What do you think of the fixtures list?
Within 10 minutes of arriving at work this morning I heard three conversations about the fixtures list.
Firstly, a Sheffield United supporter who is presumably expecting some kind of promotion campaign bemoaned the fact that his team start their season against Middlesbrough, end against Roy Keane's Ipswich and face both Newcastle and local rivals Wednesday during the crucial month of April.
Secondly, a Tottenham fan was all raised eyebrows when noting that his team opened with a home game against Liverpool. Not the easiest to start the campaign, he seemed to suggest, but he was at least grateful there would be no repeat of recent opening-day trips to Middlesbrough, Bolton and Sunderland.
Then I heard the booming voice of our resident Bournemouth fan bemoaning the fact that the Cherries' season both starts and ends with lengthy away fixtures, while Boxing Day comprises a visit to Cheltenham. The three dates his extraordinary mind immediately searched out - and all away from home.
It made me think of a quote from Glenn Thompson, the man who owns the actual fixtures computer and does most of the work in terms of putting the list together.
"The problem with this job is that you are never going to satisfy everyone," he ruefully told me when I spoke to him last week.
As I write this a QPR fan has just walked into the office. He is delighted that his team open their season with a home fixture against Blackpool - bringing former boss Ian Holloway back to Loftus Road for his first game in charge of the Seasiders.
His joy was short-lived, tempered by the news that his team's trip to Newcastle takes place on a Wednesday night in late September. A weekend away killed by the fixtures computer. I imagine that every Championship supporter spent this morning checking out when they play Newcastle - particularly at St James' Park. However, with 10 rounds of midweek fixtures in the Championship some supporters are set for disappointment.
QPR finish their season with a home fixture against the Magpies. Chris, the Rangers supporter, has concluded, perhaps slightly tongue in cheek, that it is entirely appropriate as it will determine who finishes first and second in the Championship.
Newcastle, by the way, start with an away trip to West Brom. That strikes me as being a touch cruel. It was a Premier League fixture last season and I'm sure both sets of fans wish it still was. There is plenty to occupy their minds at the moment as neither set of fans knows who will be in charge of their club come August.
In the main, though, I like to think the day the fixtures are released is the point when the mind finally leaves behind the previous season and becomes infused with a sense of summer optimism for the forthcoming campaign. That most of the general sense of well-being about your team has been extinguished by the end of September (or perhaps even within minutes of the new season starting) is not something to give much thought to right now.
The blog that I wrote earlier in the week about the fixtures computer provoked plenty of feedback from supporters unhappy with long trips in midweek. I'd love to hear what cards you have been dealt by the fixtures computer this season - any particularly nasty ones for your team?
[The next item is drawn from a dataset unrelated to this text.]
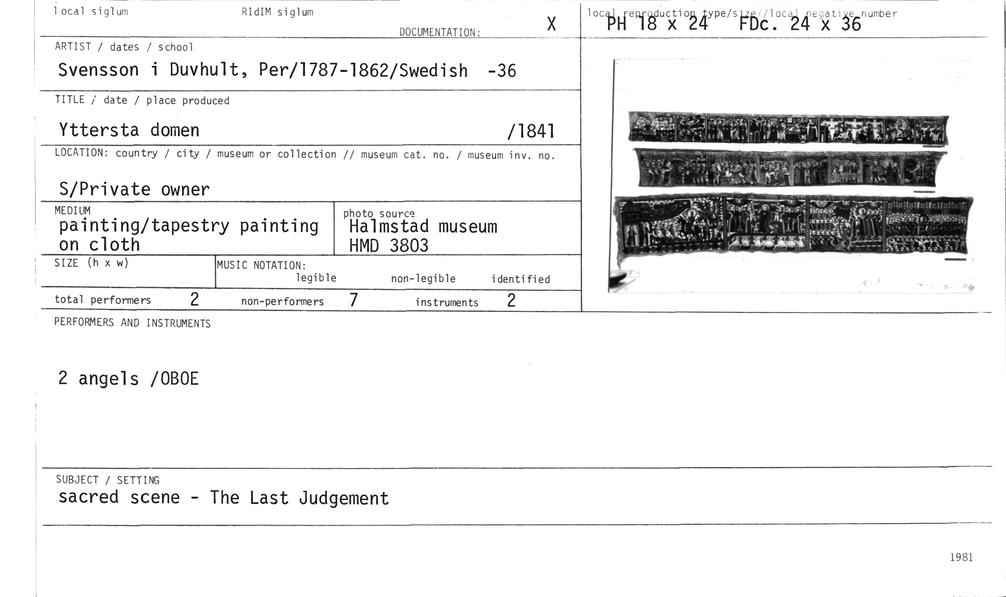 //// PERFORMERS AND INSTRUMENTS //// 2 angels /OBOE //// SUBJECT / SETTING //// sacred scene - The Last Judgement //// X 1 oci;gepi9,puctiX op ppe/s1,gt,j / 1 ocÅÅ 4 X ib xegatixe_number //// i DC • Z //// local siglum RIdIM siglum //// DOCUMENTATION: //// ARTIST / dates / school //// Svensson i Duvhult, Per/1787-1862/Swedish -36 //// TITLE / date / place produced //// Yttersta domen /1841 //// LOCATION: country / city / museum or collection // museum cat. no. / museum inv. no. //// S/Private owner //// MEDIUM //// painting/tapestry painting on cloth //// SIZE (h x w) //// non-legible identified //// total performers 2 non-performers 7 instruments 2 //// MUSIC NOTATION: //// legible //// photo source //// Halmstad museum HMD 3803 ////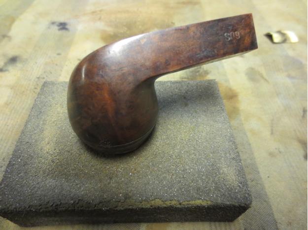 I set the bowl aside and turned to the stem. I touched up the faint H stamping on the topside of the stem with White Acrylic Fingernail Polish. Once it dried I scraped it off and polished that area with a 1500 grit micromesh sanding pad. It is quite readable.

I have been told that Ian Todd, president of the Football Supporters' Federation and a member of the fixtures working party, thought this year's set of fixtures was perhaps the best yet in regard to minimising travel on inconvenient dates.
And in the light of the responses to the blog the other day, Glenn e-mailed with a few responses to various queries.
While acknowledging that the issue of distance could be built into the fixtures programme, he wrote: "This has to be considered along with all other constraints and parameters that make up the compilation process."
But he added: "This year in the Football League we have considered travel distances for the majority of midweek fixtures. Feedback from this season's fixtures will tell if we have made the correct decision to prioritise travel."
A lot of the comments also focused, almost inevitably, on Manchester United. One supporter suggested United had been harshly treated last season, with away trips to Portsmouth, Liverpool and Chelsea by the end of September. Needless to say, he was part of a miniscule minority.
There was plenty of speculation suggesting that United boss Sir Alex Ferguson has some kind of magical say over the compilation of the fixture list. I imagine the same people will have looked at the Premier League champions starting with a home game against newly-promoted Birmingham and slowly nodded their heads, as though this confirms their belief in some kind of conspiracy.
It is complete rubbish. The fixtures computer does not favour any club. It does not understand the concept of big or small clubs. Just stop for a second - does anyone really believe Ferguson has some kind of sway over the fixture calendar (Rafa Benitez aside perhaps)?
And anyone who thinks that United have some kind of advantage might care to consider the introduction to English football that new Chelsea boss Carlo Ancelotti will have - Hull (H), Sunderland (A), Fulham (A), Burnley (H) and Stoke (A). I wonder what he will make of the Premier League after that introduction.
Thompson also does the fixtures for the Scottish first, second and third divisions but not the SPL, who do their own fixtures. That Rangers begin the defence of their title against Falkirk has nothing at all to do with Thompson and his fixtures computer. Montrose against Elgin on Scottish Division Three, however, is a product of the work he has done.
Thompson reckons all the constraints as a consequence of European and international match dates made the compilation of next season's fixtures harder than usual.
He also reckons that the list came out better than he at one point expected. But the big question is - do you agree?